Failed Canadian Crypto Firm Quadriga Was Just A High-Tech Version Of An Old-Fashioned Ponzi Scheme

Ponzi scheme

There is nothing new under the sun – just new ways to get away with it.

Many people are familiar with the term “Ponzi scheme” even if they may not know the original story or the mechanics through which bad guys make off with money using those schemes. But say the word “Ponzi” and may people’s minds will conjure up visions of slick-talking charmers taking victims’ hard-earned funds by promising stellar returns — but then disappearing into the night.

As a quick refresher course, Charles Ponzi plied his dark trade a century ago, giving his initial investors the sky-high returns he promised. But it turned out he used money from more recent investors to pay the investors who came in previously.

It was all a juggling act, but Ponzi schemes never end well. The scammers either disappear with the money or too many investors try to withdraw their funds at once and the scam collapses (as happened with Charles Ponzi). The Bernie Madoff debacle is but one glaring example of how Ponzi schemes come crashing down.

And now, Ponzi schemes can be done digitally — using the shiny lure of cryptos.

In Canada, the Ontario Securities Commission this week reported that Quadriga CX, a crypto-trading platform that collapsed in that country last year, was nothing more than a glorified, high-tech Ponzi scheme.
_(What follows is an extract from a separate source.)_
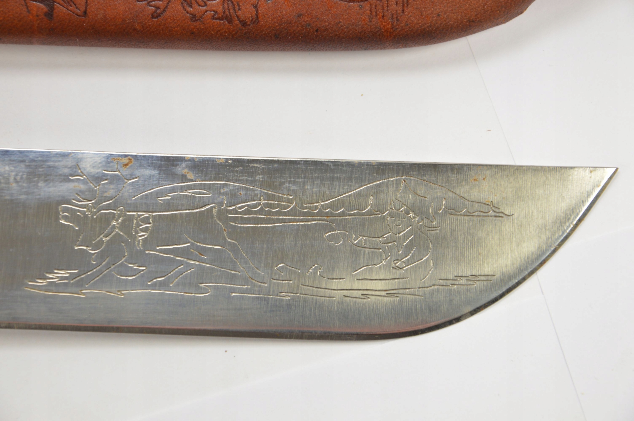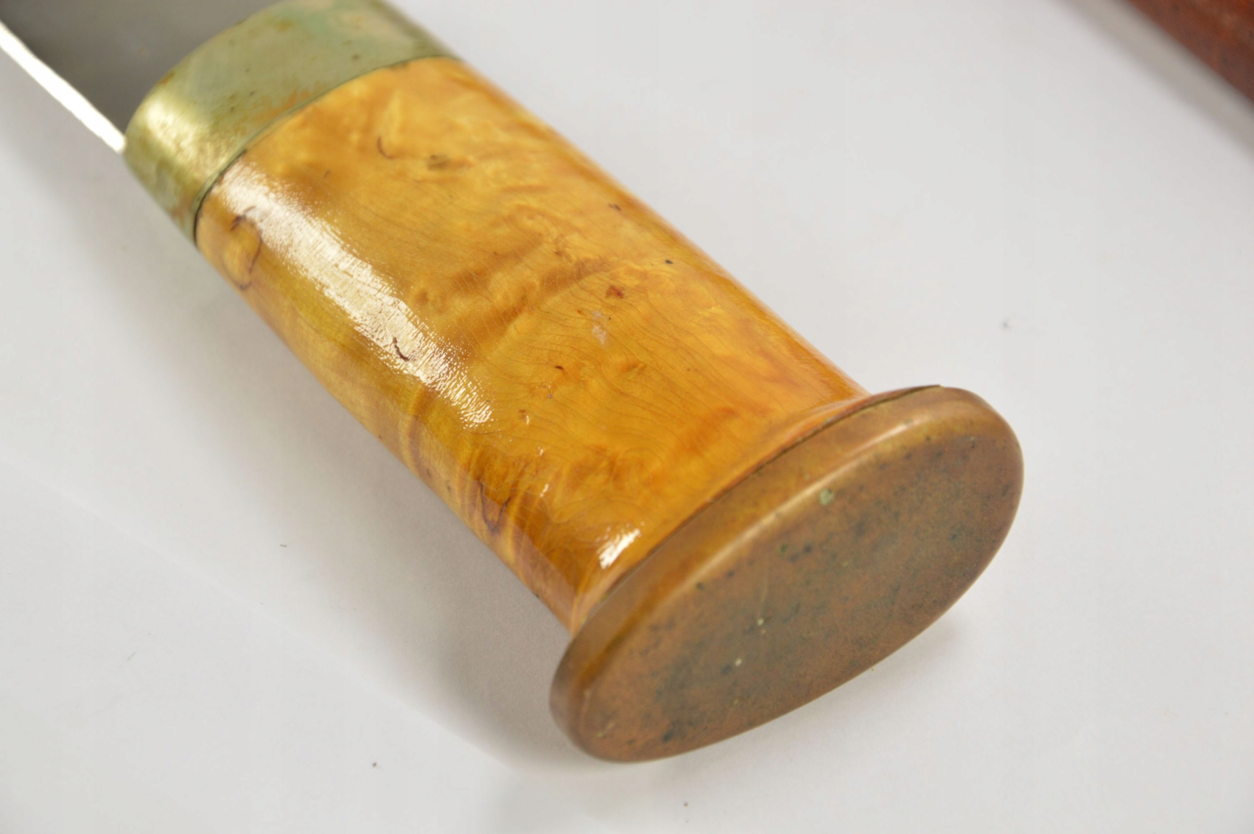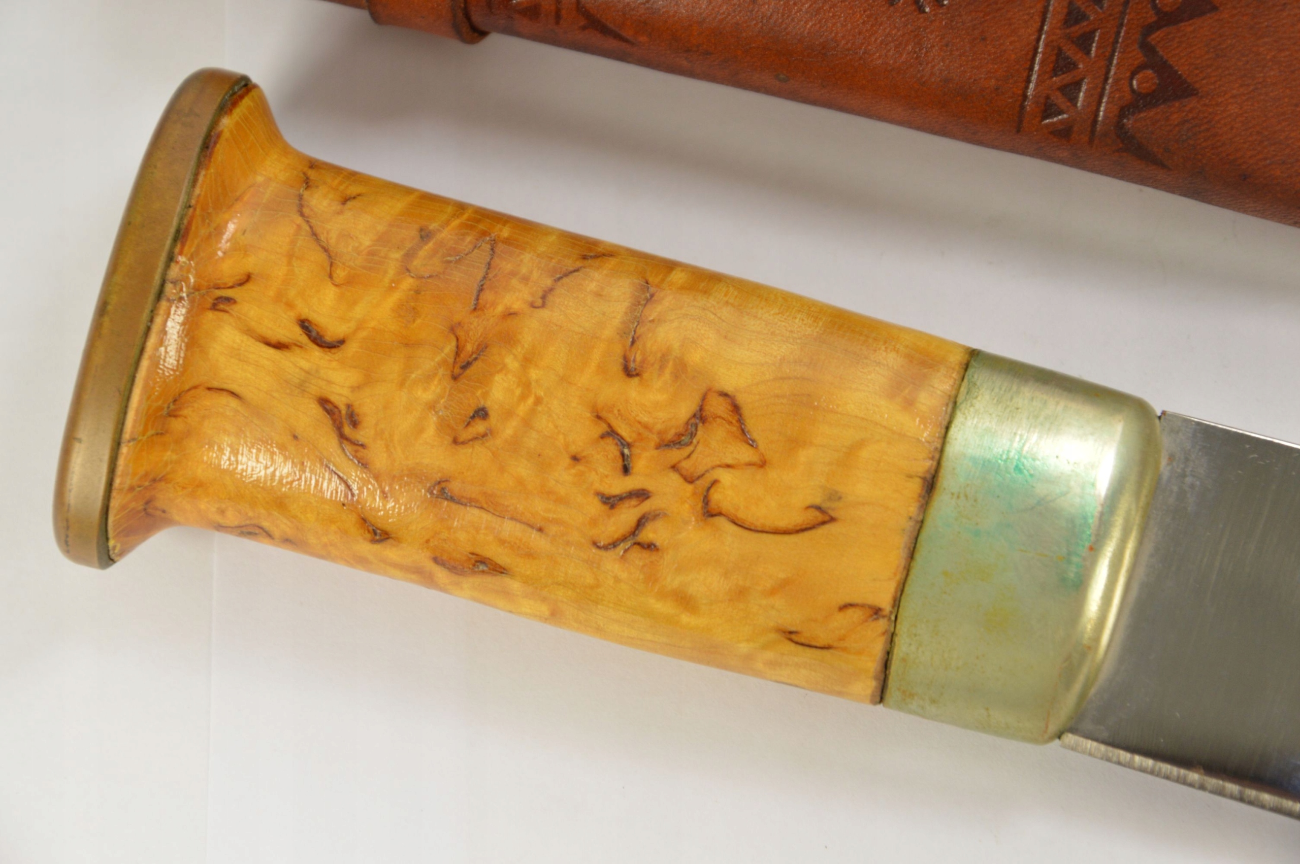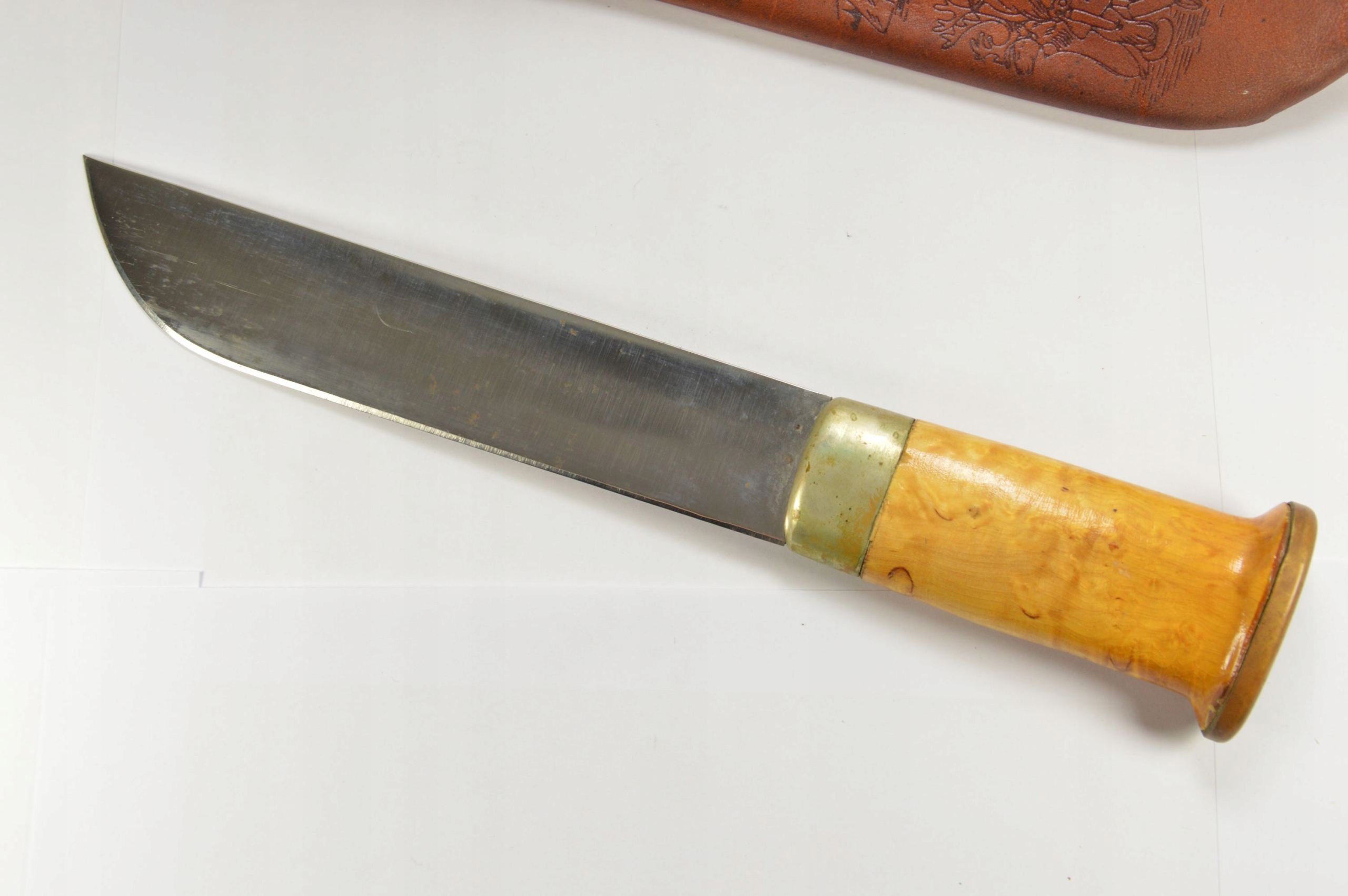 Оригінальний, старий фінський ніж Дж. Мартіні. Лезо оформлене, підписане, гостре, рукоятка з берези. Підписана шкіряна піхва на ножі зі зламаним судном. На ножі видимими незначними слідами нормального використання.

“What happened at Quadriga was an old-fashioned fraud wrapped in modern technology,” the report noted.

Some 76,000 investors across the globe lost as much as $124 million as the company went under. And regulators have concluded that Quadriga failed because late CEO Gerald Cotten, who died in 2018, had been conducting fraudulent trades.

Authorities found that Cotten opened up accounts under various aliases and lost money trading cryptos with money from Quadriga’s legitimate and unwitting clients. Investigators concluded that Cotten carried out the fraud on his own.
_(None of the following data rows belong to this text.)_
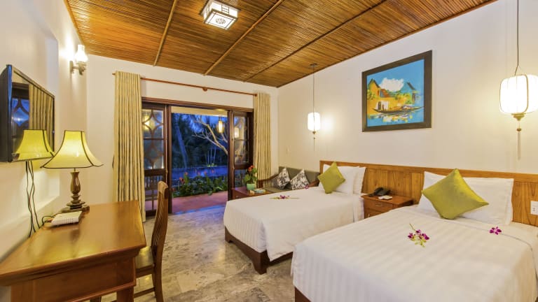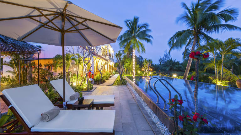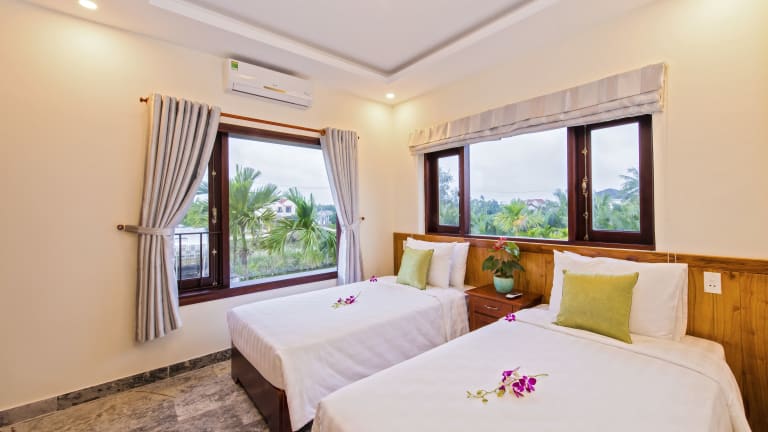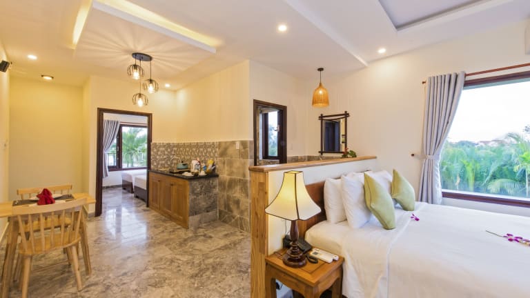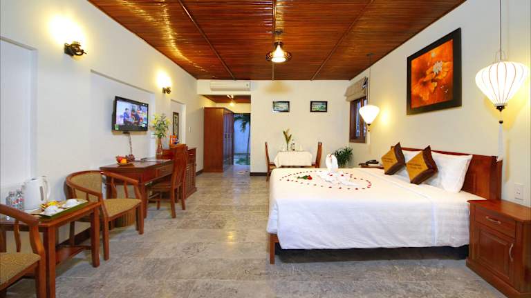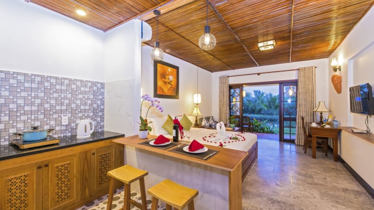 Die Pomelo Garden Boutique Villa ist eine charmante Unterkunft, die von üppiger tropischer Vegetation umgeben ist und Ihnen einen erholsamen Aufenthalt in Hoi An bietet. Neben kostenfreiem WLAN und Fahrrädern haben Sie die Möglichkeit, in der Umgebung zu angeln und einen Tag mit dem Eigentümer zu verbringen. Die Bungalows sind komfortabel und bieten eine Terrasse, einen Sitzbereich, einen Flachbild-Kabel-TV, einen Wasserkocher und eine Minibar. Das freundliche Personal am Tourenschalter steht Ihnen zur Verfügung, um Ihnen bei der Organisation von Massagen oder bei der Planung von Ausflügen zu helfen.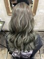 全体にブリーチでハイライトをいれて、濃いめのカーキベージュをオン◯レイヤーもしっかり入れてるので、コテで巻くとかなり立体感のでるスタイルです!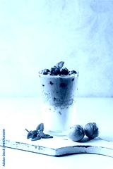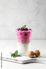 Yogurt, granola with nuts and cherries in a transparent glass. Light and healthy breakfast. Copy space

And as had been widely reported, he died with the secrets of how to access the digital wallets held by those investors. But according to regulators, the money was largely gone anyway.
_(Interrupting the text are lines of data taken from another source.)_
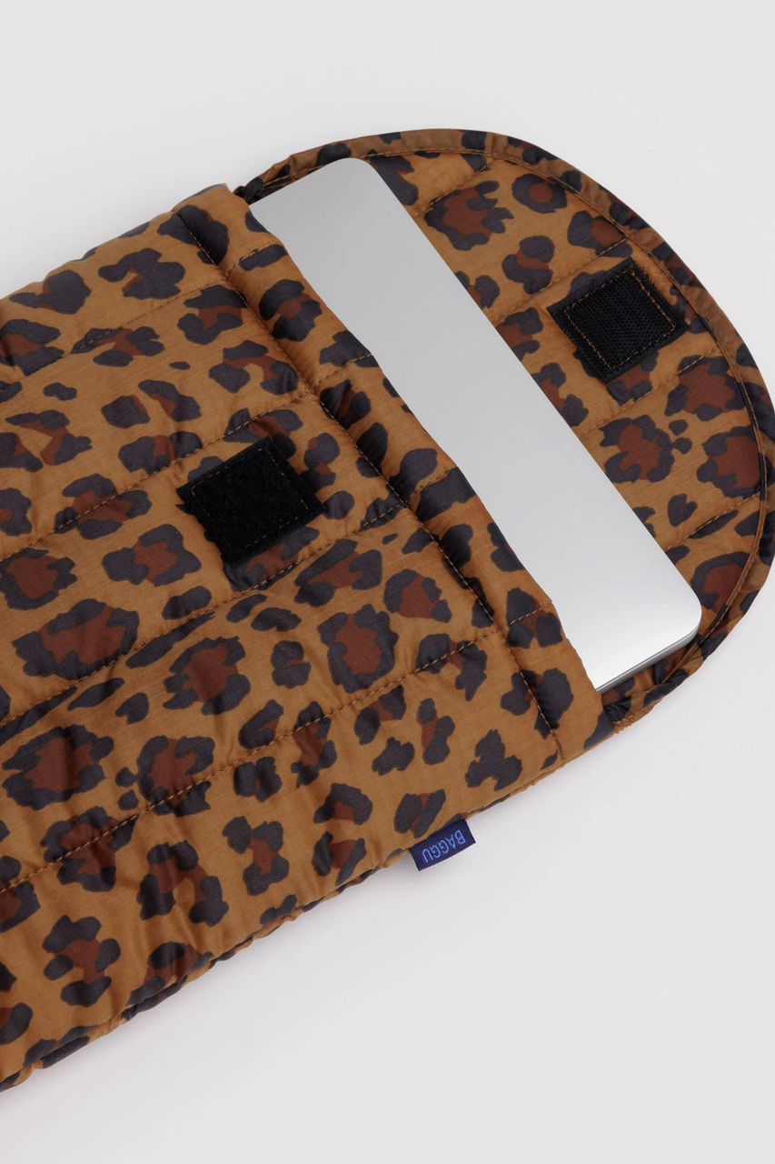 Your laptop does so much for you. Doesn’t it deserve a cozy place to live? Our puffy laptop sleeve is quilted and stuffed to provide most 14″ laptops and tablets with just enough padding for comfortable rides. By Baggu.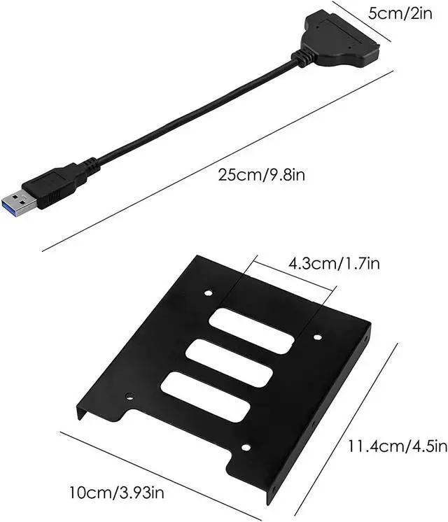 2.5 To 3.5? DRIVE BAY- 2.5 To 3.5 Mounting Adapter Bracket Support 2.5 hard drives (SSD and HDD) of laptop compatible with SATA I SATA II SATA III. FUNCTIONAL- Maximize the internal space of your computer case for efficient usage. The package includes 1 x Hard Drive Holder; 1 x Hard Drive Adapter Cable.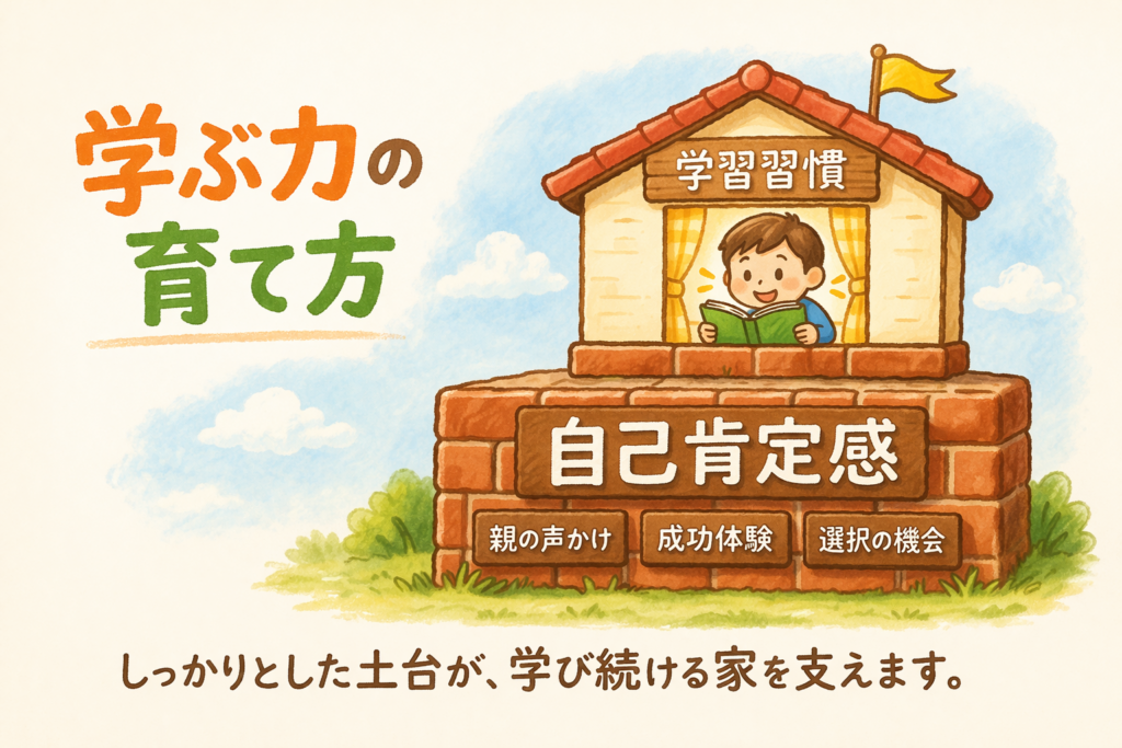 参考altテキスト: 自己肯定感という土台の上に学習習慣という家が建っているイラスト。学ぶ力の育て方を示している。

“Cotten sustained real losses when the price of crypto assets changed, thereby creating a shortfall in assets available to satisfy client withdrawals,” the OSC said in its report. “[He] covered this shortfall with other clients’ deposits. In effect, this meant that Quadriga operated like a Ponzi scheme.”

The OSC found that Cotten lost $115 million in trading, while he used other money stolen from clients to fund a “lavish” lifestyle. All told, $215 million was unaccounted for when Quadriga filed for protection in 2018. Only $46 million was eventually recovered.

Regulators wrote in their report that “OSC staff would likely have pursued an enforcement action against Cotten and Quadriga. However, this is not practical given that Cotten is deceased and Quadriga is bankrupt, with its assets subject to a court-supervised distribution process.”

So, there are no winners here in this modern version of an age-old tale. But at least now there are some answers.